> [Exercise requirements]: Only an exact repetition of the lines from the one holding "Римская штора на петлях" to the end of the data is wanted, with pictures left out.

[Source records]
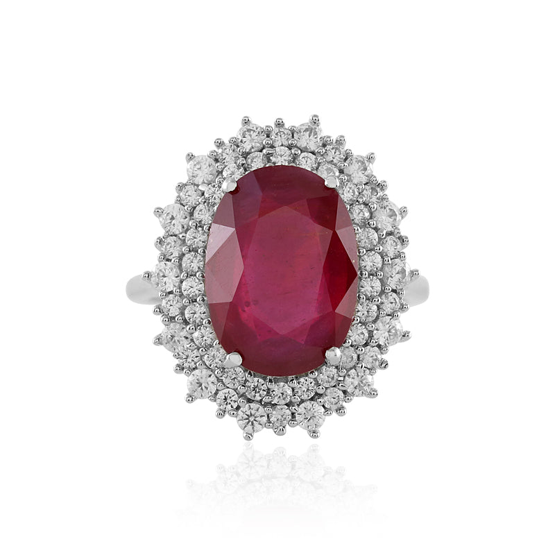 Entdecken Sie die Anziehungskraft dieses atemberaubenden Rings mit einem Madagaskar-Rubin, gekrönt von einem üppigen Edelstein von 7,02 Karat im Ovalschliff. Ein Halo aus funkelnden kambodschanischen Zirkonen mit einem Gesamtgewicht von 1,44 Karat betont das tiefrote Zentrum, das in luxuriösem platinbeschichtetem 925er Sterling Silber gefasst ist. Dieses raffinierte Schmuckstück mit einem Gewicht von ca. 5,09 g ist ein elegantes Statement für jeden Anlass und passt sowohl zur Tages- als auch zur Abendgarderobe. Sein lebendiger Charme macht ihn zu einer zeitlosen Ergänzung Ihrer Schmucksammlung.
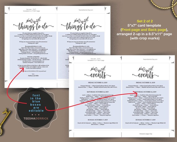 Wedding Itinerary Things To Do Card Template Pdf File Wedding Event Items Place To Visit Favorite Restaurant Rustic Vines Ted418 72
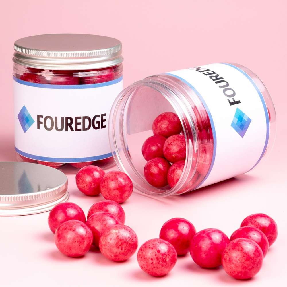 Ge bort en lyxig delikatessburk fylld med utsökt lakrits eller smågodis. En digitaltryckt etikett runt burken förmedlar ert budskap på bästa sätt.
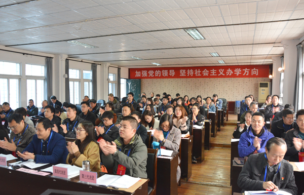 公司党委书记朱继平代表中共太阳集团122cc第三届委员会作题为《立德树人 内涵发展 为建设特色鲜明、优势突出、国内知名的应用型本科高校而奋斗》的工作报告。
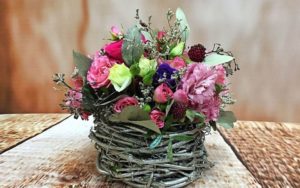 В този случай съставът може да бъде направен от обичайните цветя, както и с помощта на храна.
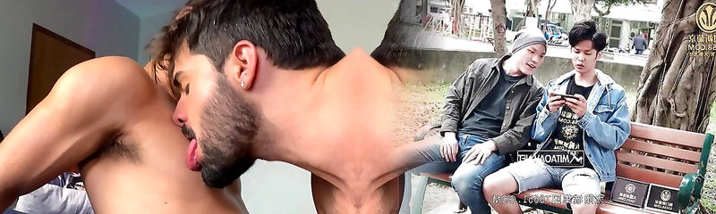 Young gay licks nipples before ass poke by Japanese twink
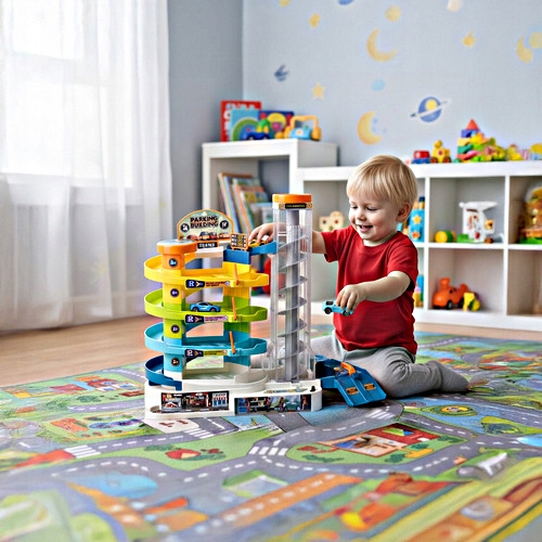 Stwórz własne, wielopoziomowe miasto na wyciągnięcie ręki! Ten interaktywny parking samochodowy to idealna zabawka dla dzieci, które kochają auta, ruch, mechanikę i kreatywną zabawę. Pięć poziomów do jazdy, spiralna winda oraz zestaw samochodów zapewniają ekscytującą rozrywkę, a jednocześnie rozwijają koordynację, logiczne myślenie i umiejętność odgrywania ról.
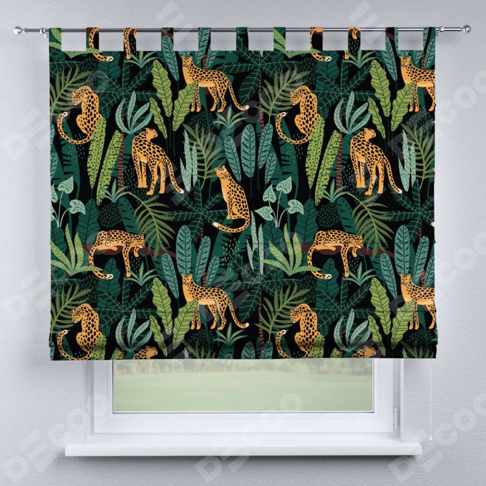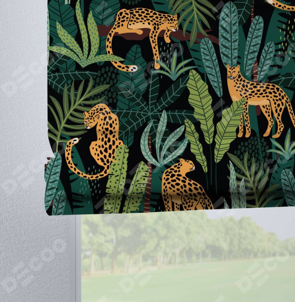 Римская штора на петлях «Леопарды в джунглях»
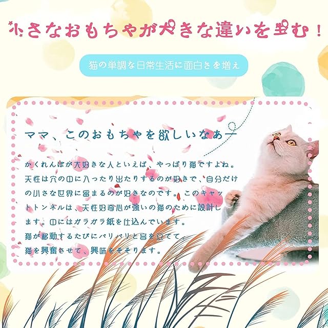 【サイズ】このトンネルは長さ120cm、2穴付き、S型の構造なので、猫ちゃんが思い切り快適に遊べます。猫ちゃんは適当に運動したら、退屈解消、食欲もよくになります。
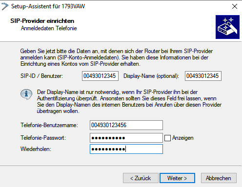 Weitere Informationen unter „Wo finde ich meine SIP-Zugangsdaten?“.
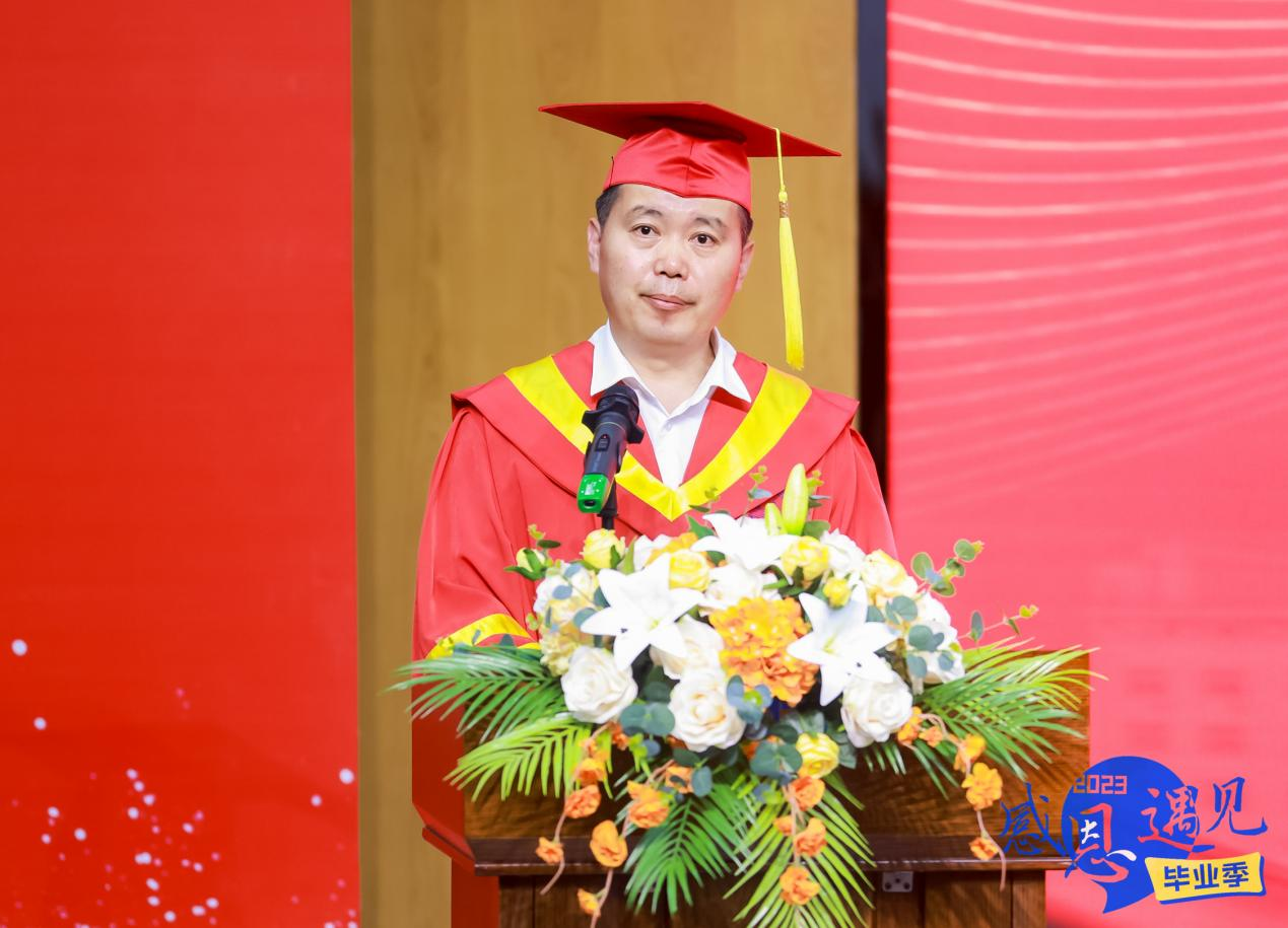 校长助理魏可霏向全体毕业生表达美好祝愿:“新时代的青年,朝霞般美好的理想在召唤你们,希望你们谨记习近平总书记嘱托,继承和发扬吃苦耐劳、自力更生、艰苦奋斗的精神,厚植家国情怀、涵养进取品格,以奋斗姿态激扬青春,不负时代、不负华年。愿你们以卓越的智慧,坚强的意志,大无畏的精神,不断开拓,不断奋进!”。

> [Exercise solution]:
 Римская штора на петлях «Леопарды в джунглях»
 【サイズ】このトンネルは長さ120cm、2穴付き、S型の構造なので、猫ちゃんが思い切り快適に遊べます。猫ちゃんは適当に運動したら、退屈解消、食欲もよくになります。
 Weitere Informationen unter „Wo finde ich meine SIP-Zugangsdaten?“.
 校长助理魏可霏向全体毕业生表达美好祝愿:“新时代的青年,朝霞般美好的理想在召唤你们,希望你们谨记习近平总书记嘱托,继承和发扬吃苦耐劳、自力更生、艰苦奋斗的精神,厚植家国情怀、涵养进取品格,以奋斗姿态激扬青春,不负时代、不负华年。愿你们以卓越的智慧,坚强的意志,大无畏的精神,不断开拓,不断奋进!”。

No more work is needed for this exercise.